• _What this task involves_: Copy out exactly the stretch below, from the line with "就在此时,抢修人员又发现距管" through the line with "编辑:吴楠 审核:王征 阅读次数:原文标题:北理工校长张军在2019届学生毕业典礼上的讲话", both included; the pictures stay out.

• _Data for this exercise_:
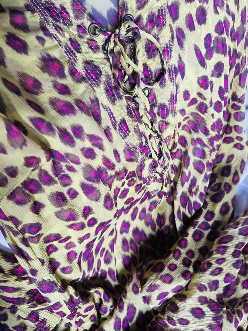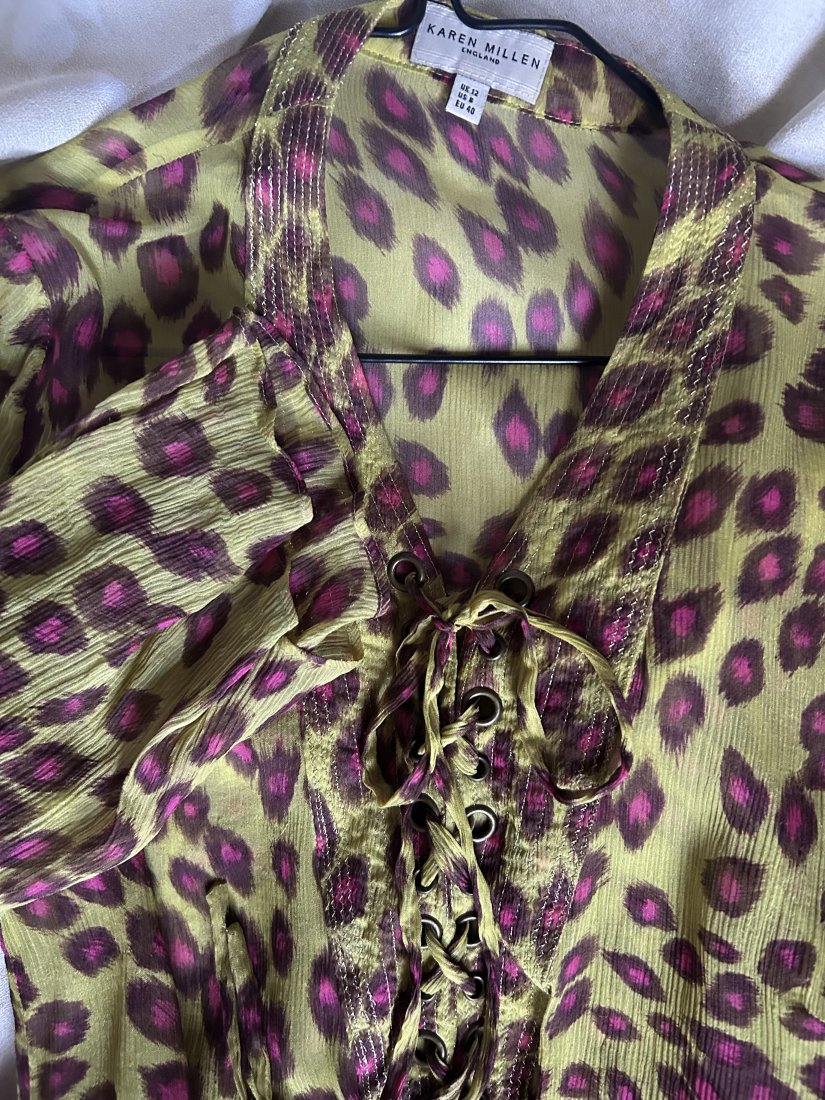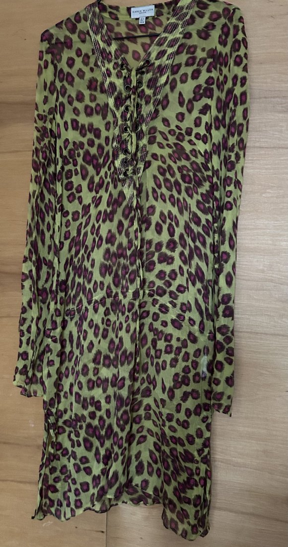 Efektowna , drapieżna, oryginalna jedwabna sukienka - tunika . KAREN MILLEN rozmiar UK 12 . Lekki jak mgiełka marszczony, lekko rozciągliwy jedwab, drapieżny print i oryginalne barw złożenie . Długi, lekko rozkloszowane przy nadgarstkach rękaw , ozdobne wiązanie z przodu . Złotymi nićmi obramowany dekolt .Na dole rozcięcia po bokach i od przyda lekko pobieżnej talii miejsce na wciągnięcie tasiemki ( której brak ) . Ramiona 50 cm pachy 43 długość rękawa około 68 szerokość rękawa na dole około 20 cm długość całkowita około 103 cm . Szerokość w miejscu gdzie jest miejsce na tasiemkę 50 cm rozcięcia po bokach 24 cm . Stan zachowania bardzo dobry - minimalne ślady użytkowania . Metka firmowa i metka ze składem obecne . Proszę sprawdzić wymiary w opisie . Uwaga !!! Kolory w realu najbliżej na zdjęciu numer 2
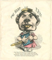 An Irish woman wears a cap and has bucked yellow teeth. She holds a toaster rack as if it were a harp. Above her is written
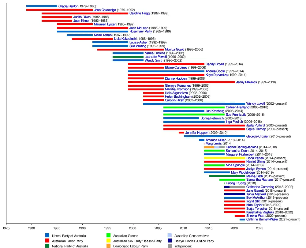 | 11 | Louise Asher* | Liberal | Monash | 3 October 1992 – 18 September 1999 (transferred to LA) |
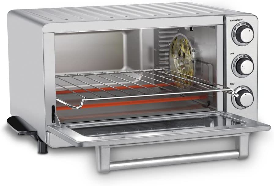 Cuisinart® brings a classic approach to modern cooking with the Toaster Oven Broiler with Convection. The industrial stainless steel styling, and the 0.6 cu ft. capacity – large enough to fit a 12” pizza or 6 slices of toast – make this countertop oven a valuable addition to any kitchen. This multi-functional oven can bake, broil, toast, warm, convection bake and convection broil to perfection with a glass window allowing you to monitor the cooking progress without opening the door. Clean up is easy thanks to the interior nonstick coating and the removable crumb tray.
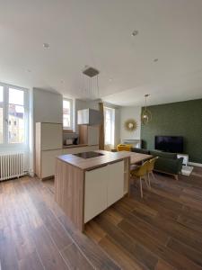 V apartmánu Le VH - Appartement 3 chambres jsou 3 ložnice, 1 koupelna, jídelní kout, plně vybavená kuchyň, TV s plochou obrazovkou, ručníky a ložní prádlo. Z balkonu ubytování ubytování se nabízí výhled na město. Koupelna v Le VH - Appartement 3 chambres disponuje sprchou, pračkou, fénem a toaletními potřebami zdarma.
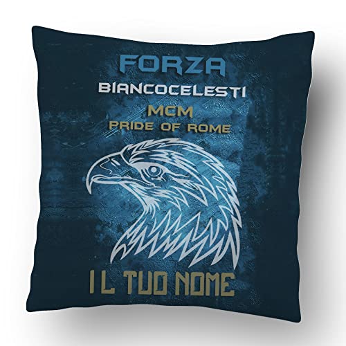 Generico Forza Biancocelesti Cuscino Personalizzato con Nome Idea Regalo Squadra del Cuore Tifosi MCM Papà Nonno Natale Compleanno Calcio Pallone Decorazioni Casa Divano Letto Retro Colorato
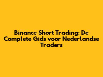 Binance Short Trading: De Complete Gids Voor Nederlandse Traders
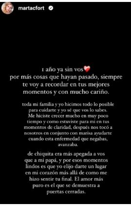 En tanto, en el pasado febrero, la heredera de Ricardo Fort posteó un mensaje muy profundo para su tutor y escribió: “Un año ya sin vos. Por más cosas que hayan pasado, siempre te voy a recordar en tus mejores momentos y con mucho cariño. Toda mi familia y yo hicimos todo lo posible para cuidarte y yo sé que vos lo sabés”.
* * *
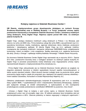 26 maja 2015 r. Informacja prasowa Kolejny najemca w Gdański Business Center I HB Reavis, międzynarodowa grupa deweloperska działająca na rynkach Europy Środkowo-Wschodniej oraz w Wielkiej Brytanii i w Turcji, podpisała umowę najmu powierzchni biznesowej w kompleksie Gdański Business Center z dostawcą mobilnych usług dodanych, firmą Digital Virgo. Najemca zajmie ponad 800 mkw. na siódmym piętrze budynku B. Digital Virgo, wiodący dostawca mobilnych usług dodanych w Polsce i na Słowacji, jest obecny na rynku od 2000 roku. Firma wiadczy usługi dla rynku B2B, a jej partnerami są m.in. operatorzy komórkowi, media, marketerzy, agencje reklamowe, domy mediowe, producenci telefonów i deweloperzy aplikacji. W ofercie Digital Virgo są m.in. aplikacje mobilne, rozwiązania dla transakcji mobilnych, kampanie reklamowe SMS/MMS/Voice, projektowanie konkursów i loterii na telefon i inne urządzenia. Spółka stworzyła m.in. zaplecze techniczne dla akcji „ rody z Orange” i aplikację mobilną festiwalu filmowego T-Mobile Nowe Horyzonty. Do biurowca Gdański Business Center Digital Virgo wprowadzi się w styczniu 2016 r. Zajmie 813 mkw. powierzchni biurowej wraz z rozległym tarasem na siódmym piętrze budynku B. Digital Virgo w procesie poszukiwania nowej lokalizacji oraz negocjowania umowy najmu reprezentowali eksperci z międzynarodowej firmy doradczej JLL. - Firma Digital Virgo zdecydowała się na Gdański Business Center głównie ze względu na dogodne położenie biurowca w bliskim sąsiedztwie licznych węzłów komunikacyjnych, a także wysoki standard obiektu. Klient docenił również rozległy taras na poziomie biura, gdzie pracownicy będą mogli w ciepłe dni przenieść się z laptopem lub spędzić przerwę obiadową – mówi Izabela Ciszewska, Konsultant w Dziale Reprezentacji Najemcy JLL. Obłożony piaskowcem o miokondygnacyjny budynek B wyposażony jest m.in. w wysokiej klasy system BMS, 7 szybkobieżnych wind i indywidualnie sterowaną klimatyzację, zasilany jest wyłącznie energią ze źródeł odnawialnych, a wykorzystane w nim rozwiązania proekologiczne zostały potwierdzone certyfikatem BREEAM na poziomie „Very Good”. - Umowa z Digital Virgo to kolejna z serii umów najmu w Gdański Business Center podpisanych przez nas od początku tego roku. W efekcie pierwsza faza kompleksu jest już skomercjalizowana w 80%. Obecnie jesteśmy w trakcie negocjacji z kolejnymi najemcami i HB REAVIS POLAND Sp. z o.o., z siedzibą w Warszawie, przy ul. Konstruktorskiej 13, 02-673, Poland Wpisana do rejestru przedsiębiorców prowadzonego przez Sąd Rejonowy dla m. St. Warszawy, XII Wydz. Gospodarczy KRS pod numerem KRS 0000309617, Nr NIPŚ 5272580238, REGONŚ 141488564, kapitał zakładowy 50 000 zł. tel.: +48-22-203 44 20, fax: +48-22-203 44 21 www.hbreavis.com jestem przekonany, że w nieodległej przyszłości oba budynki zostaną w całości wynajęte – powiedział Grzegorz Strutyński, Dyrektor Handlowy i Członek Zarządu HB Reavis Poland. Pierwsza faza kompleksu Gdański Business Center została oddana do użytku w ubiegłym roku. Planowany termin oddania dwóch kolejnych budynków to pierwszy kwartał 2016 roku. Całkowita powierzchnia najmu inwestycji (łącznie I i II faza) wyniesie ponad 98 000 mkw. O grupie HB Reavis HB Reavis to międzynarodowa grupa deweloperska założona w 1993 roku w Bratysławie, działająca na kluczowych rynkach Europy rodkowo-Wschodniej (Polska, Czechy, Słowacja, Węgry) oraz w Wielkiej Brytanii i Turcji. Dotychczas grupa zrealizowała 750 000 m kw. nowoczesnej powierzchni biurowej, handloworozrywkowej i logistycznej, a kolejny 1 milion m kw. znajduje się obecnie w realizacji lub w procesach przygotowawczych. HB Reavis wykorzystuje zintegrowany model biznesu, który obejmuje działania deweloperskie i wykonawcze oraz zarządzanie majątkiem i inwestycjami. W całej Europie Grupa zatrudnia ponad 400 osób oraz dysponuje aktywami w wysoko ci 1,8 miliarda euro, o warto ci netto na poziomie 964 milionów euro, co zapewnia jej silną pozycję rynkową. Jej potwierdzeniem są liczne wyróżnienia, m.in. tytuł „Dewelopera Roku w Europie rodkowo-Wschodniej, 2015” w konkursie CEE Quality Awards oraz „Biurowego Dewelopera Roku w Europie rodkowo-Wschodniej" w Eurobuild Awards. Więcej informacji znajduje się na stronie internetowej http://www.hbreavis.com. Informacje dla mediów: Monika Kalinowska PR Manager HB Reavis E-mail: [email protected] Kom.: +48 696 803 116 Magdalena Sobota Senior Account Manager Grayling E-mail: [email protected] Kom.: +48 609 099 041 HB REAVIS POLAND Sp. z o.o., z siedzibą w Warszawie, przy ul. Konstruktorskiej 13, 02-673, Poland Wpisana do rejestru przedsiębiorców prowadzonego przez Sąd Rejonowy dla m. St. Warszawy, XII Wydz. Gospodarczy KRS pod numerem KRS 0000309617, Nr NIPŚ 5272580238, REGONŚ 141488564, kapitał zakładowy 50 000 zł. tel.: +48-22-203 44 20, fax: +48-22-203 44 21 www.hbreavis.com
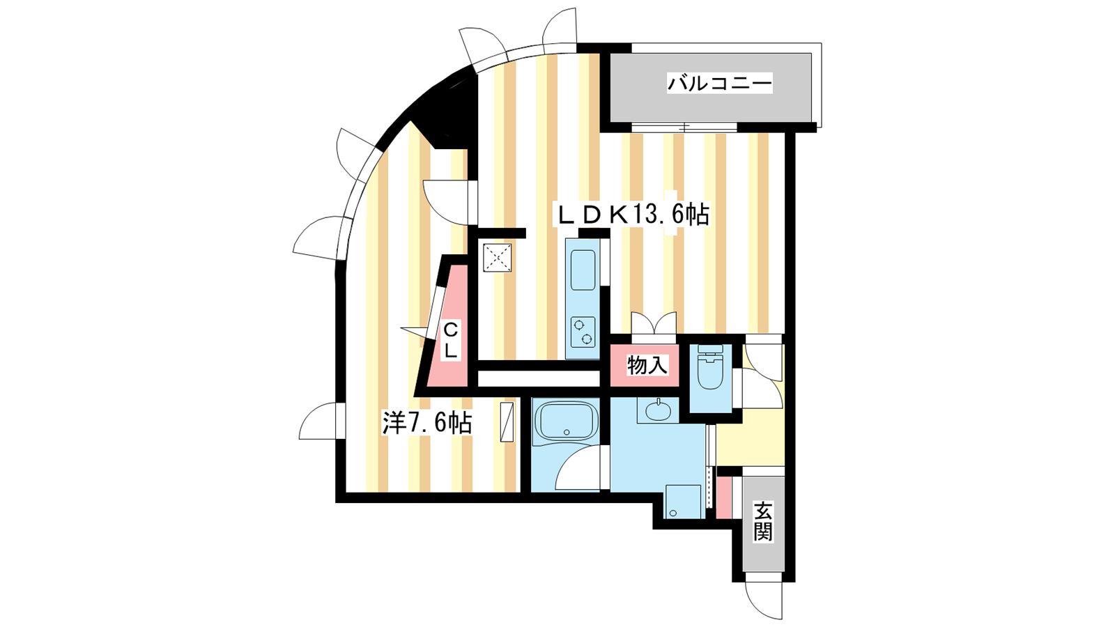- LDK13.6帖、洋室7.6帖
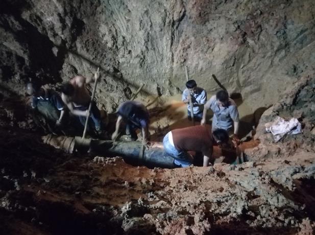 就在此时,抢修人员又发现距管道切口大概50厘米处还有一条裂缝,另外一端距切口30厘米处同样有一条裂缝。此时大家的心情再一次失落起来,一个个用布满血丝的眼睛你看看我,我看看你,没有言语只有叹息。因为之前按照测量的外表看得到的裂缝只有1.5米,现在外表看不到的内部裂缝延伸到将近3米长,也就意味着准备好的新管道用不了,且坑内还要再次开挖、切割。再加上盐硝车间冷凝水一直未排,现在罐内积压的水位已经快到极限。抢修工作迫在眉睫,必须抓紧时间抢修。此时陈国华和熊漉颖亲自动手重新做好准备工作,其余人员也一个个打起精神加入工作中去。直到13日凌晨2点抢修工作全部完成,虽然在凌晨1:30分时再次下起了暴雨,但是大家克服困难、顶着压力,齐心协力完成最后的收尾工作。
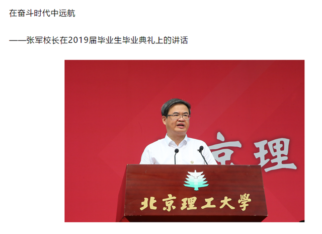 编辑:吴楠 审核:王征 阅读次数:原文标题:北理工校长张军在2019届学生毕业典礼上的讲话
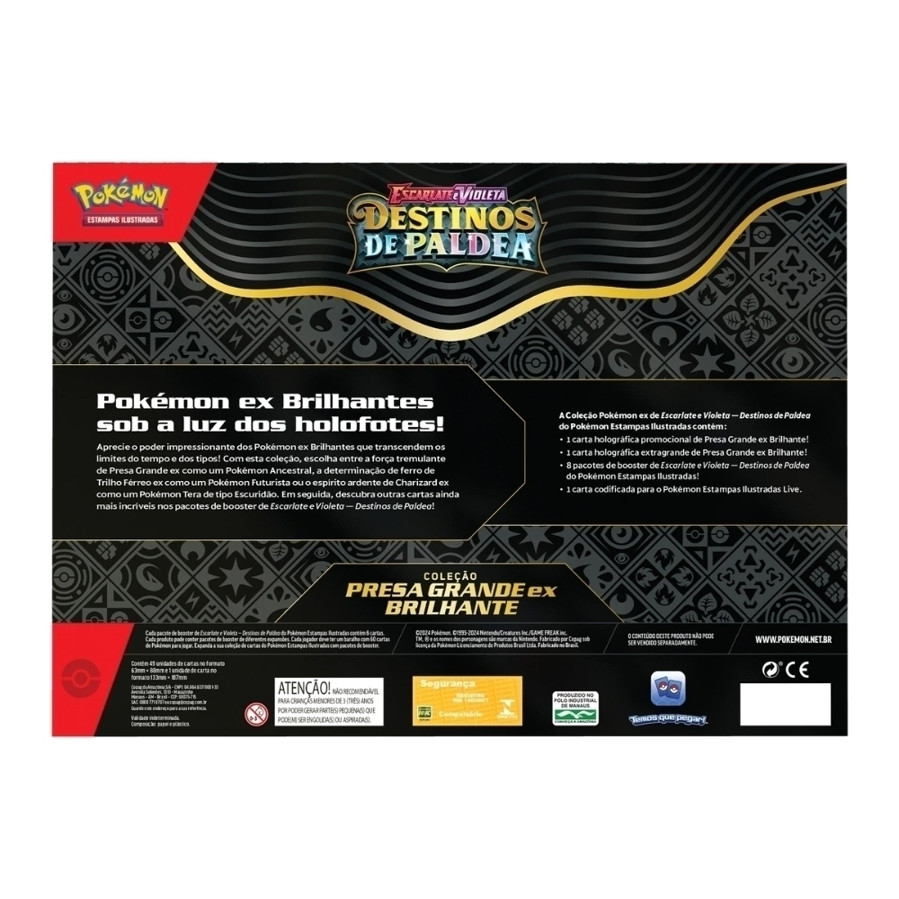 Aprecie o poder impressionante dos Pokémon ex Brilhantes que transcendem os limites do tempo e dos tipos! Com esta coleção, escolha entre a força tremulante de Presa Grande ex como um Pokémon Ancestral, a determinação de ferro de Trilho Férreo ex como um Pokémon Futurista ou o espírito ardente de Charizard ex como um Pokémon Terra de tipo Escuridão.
--
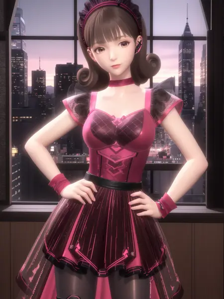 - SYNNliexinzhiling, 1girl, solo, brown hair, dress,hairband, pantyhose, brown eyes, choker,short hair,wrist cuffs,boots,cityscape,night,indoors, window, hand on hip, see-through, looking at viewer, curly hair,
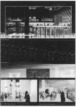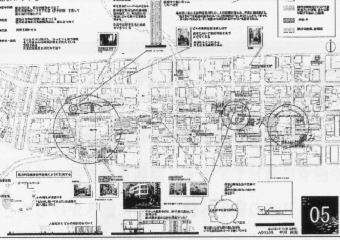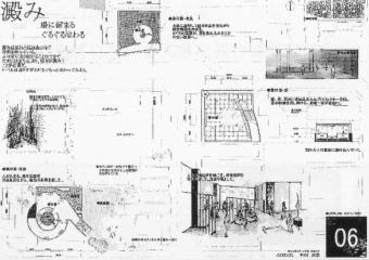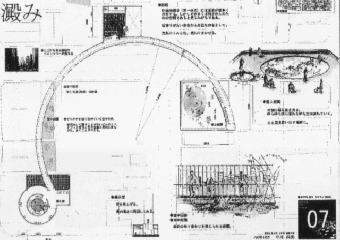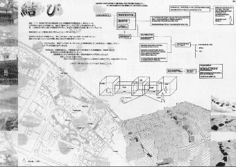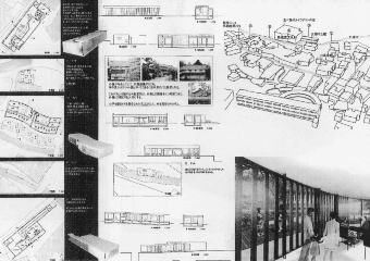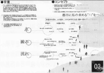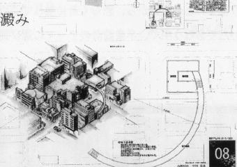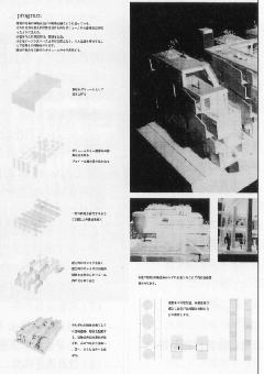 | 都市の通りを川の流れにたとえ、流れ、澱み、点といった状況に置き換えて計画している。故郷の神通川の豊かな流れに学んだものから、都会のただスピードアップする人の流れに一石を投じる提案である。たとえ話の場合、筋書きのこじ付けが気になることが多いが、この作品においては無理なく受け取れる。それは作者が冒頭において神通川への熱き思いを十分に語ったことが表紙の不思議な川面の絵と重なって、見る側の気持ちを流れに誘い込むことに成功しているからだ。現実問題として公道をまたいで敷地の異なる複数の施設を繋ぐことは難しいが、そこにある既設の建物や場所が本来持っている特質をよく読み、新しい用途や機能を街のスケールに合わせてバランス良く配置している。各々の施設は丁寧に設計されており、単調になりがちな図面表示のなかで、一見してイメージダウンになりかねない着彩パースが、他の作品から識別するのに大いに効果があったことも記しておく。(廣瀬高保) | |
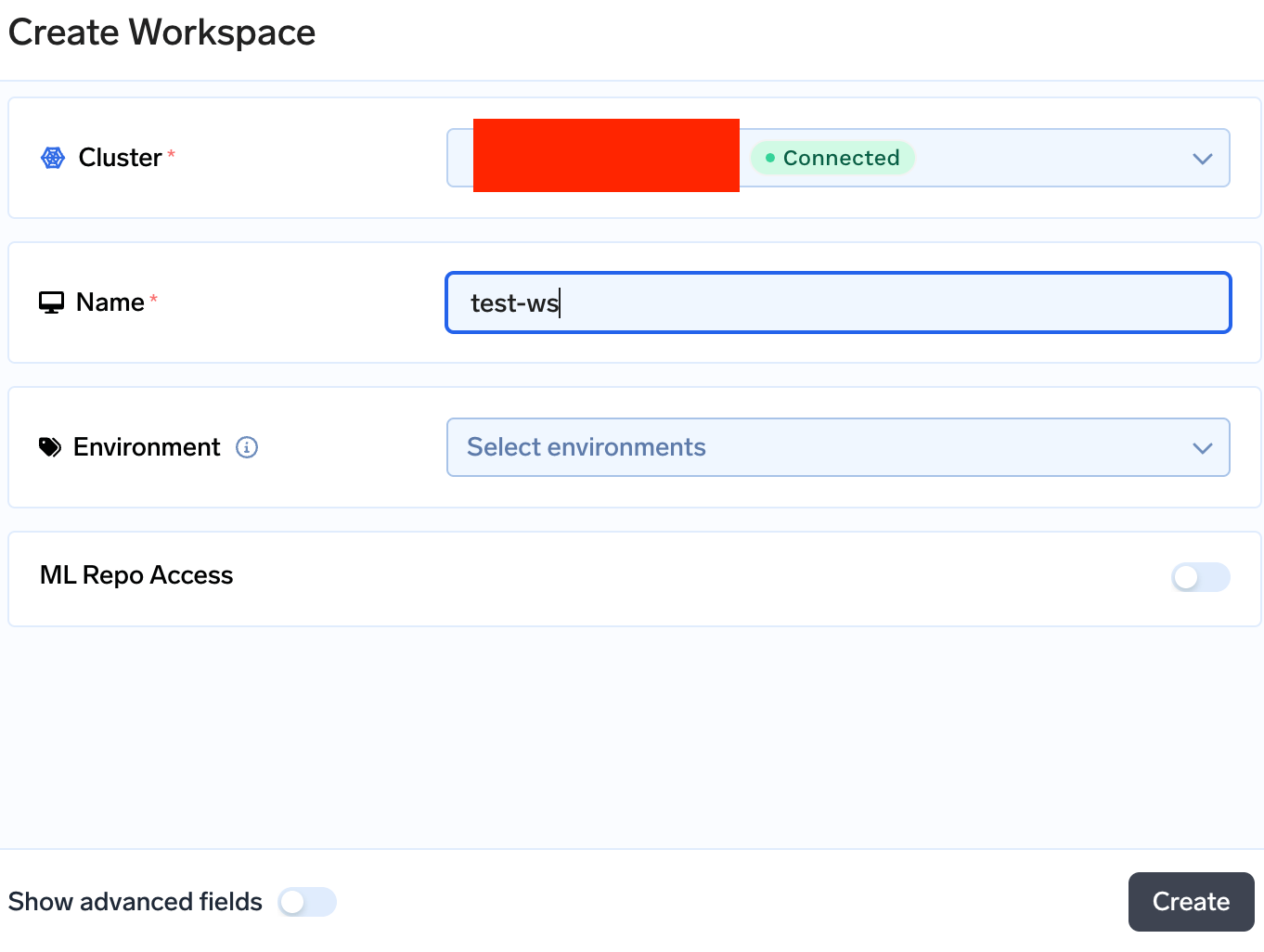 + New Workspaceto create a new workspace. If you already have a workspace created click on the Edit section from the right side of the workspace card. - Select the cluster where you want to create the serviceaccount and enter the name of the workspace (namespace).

• _Result_:
 就在此时,抢修人员又发现距管道切口大概50厘米处还有一条裂缝,另外一端距切口30厘米处同样有一条裂缝。此时大家的心情再一次失落起来,一个个用布满血丝的眼睛你看看我,我看看你,没有言语只有叹息。因为之前按照测量的外表看得到的裂缝只有1.5米,现在外表看不到的内部裂缝延伸到将近3米长,也就意味着准备好的新管道用不了,且坑内还要再次开挖、切割。再加上盐硝车间冷凝水一直未排,现在罐内积压的水位已经快到极限。抢修工作迫在眉睫,必须抓紧时间抢修。此时陈国华和熊漉颖亲自动手重新做好准备工作,其余人员也一个个打起精神加入工作中去。直到13日凌晨2点抢修工作全部完成,虽然在凌晨1:30分时再次下起了暴雨,但是大家克服困难、顶着压力,齐心协力完成最后的收尾工作。
 编辑:吴楠 审核:王征 阅读次数:原文标题:北理工校长张军在2019届学生毕业典礼上的讲话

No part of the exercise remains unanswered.